Back to our date night. My husband had booked tickets to see the Illusionists at the Shaftsbury Theatre. We wouldn’t normally take Gibson on this kind of night out and in the past, have asked a family member or friend to look after him for the evening. However, being Boxing Night, most people we would normally ask already had plans. My husband decided the best option would be to take Gibson with us. I have to be honest, my heart sank a little when he said this. The feasibility of finding a suitable, well lit restaurant with lots of space, accessible toilets, with staff who would understand we needed a table with a little extra space (and not just shove us in the corner so we are out of the way) in Covent Garden on a Saturday night seemed slim to say the least.
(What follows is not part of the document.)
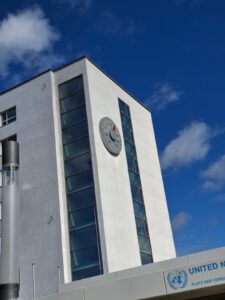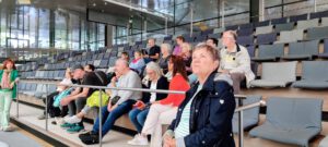 Mit guter Laune und strahlendem Wetter fuhren wir mit der S-66 nach Bonn. Wir waren so früh da, dass wir den Sonnenschein nutzen und gemütlich auf einer Bank vor dem Plenarsaal sitzen und plaudern konnten, bis die Führung losging.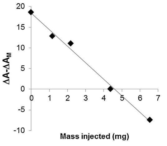 脂質體(不同濃度)對BSP蛋白的作用也如圖5所示。脂質體在進入亞階段前與精漿接觸。隨著脂質體中濃度的增加(曲線M/SP+C1至C4),BSP蛋白吸附引起的表面積增加逐漸延遲并減少。當含量達到4.37 mg(C3)時,界面上仍有少量BSP蛋白摻入,1600 s時出現(xiàn)肩部。在最高濃度(C4)下,未觀察到BSP蛋白摻入,分子面積的變化甚至比對照曲線更負,表明膜組分在亞相中輕微溶解。因此,脂質體作用于BSP蛋白的方式與LDL相同。最有趣的比例似乎介于C3和C4之間。根據確定面積變化與脂質體注射磷脂質量之間相互作用的曲線計算得出(圖6)。注射26.6 mg BSP的最佳質量為4.6 mg,即PC:BSP比為0.16(w/w)。

And what the hell would we do with the dog during the show?

According to my husband, the theatre had been completely ‘on the ball’ when he booked the tickets and offered a service whereby they would look after Gibson during the performance. The sceptic in me imagined this to be utter bullshit and I had visions of us not being allowed into the theatre and me ‘dog-sitting’ Gibson while my husband relaxed and enjoyed the show.

The reality couldn’t be further from what I had imagined.

Firstly, we chose to go to the Central St Giles branch of Byron Burgers. This was mainly because the restaurant was bright, spacious and airy (big mental tick). I opened the door and prepared myself for the usual ‘no dogs allowed’ greeting. Imagine my surprise when the waitress looked at Gibson, looked at my husband and I and simply asked ‘table for two?’ The staff had obviously had training because the service really was faultless.

After such a positive experience, it was then time to go to the show. Like at the restaurant, the staff at the Shaftsbury Theatre were incredible. The staff looked after Gibson during the performance and even took him out for a couple of walks while the performance was on. At the end, Gibson was waiting for us in the foyer, all harnessed up and ready to go.

During the drive home, I happily reflected on a fabulous night out. How amazing it was to have such a stress-free evening. To be treated like human beings and not to be made to feel like you are an inconvenience seems like such a simple thing to expect but people so often get it wrong. Just a little bit of awareness training really can make a world of difference.

So, to the staff of Byron Burgers and the Shaftesbury Theatre. A big thank you from me for getting it so right. I’m not sure if you realise but you totally made my night.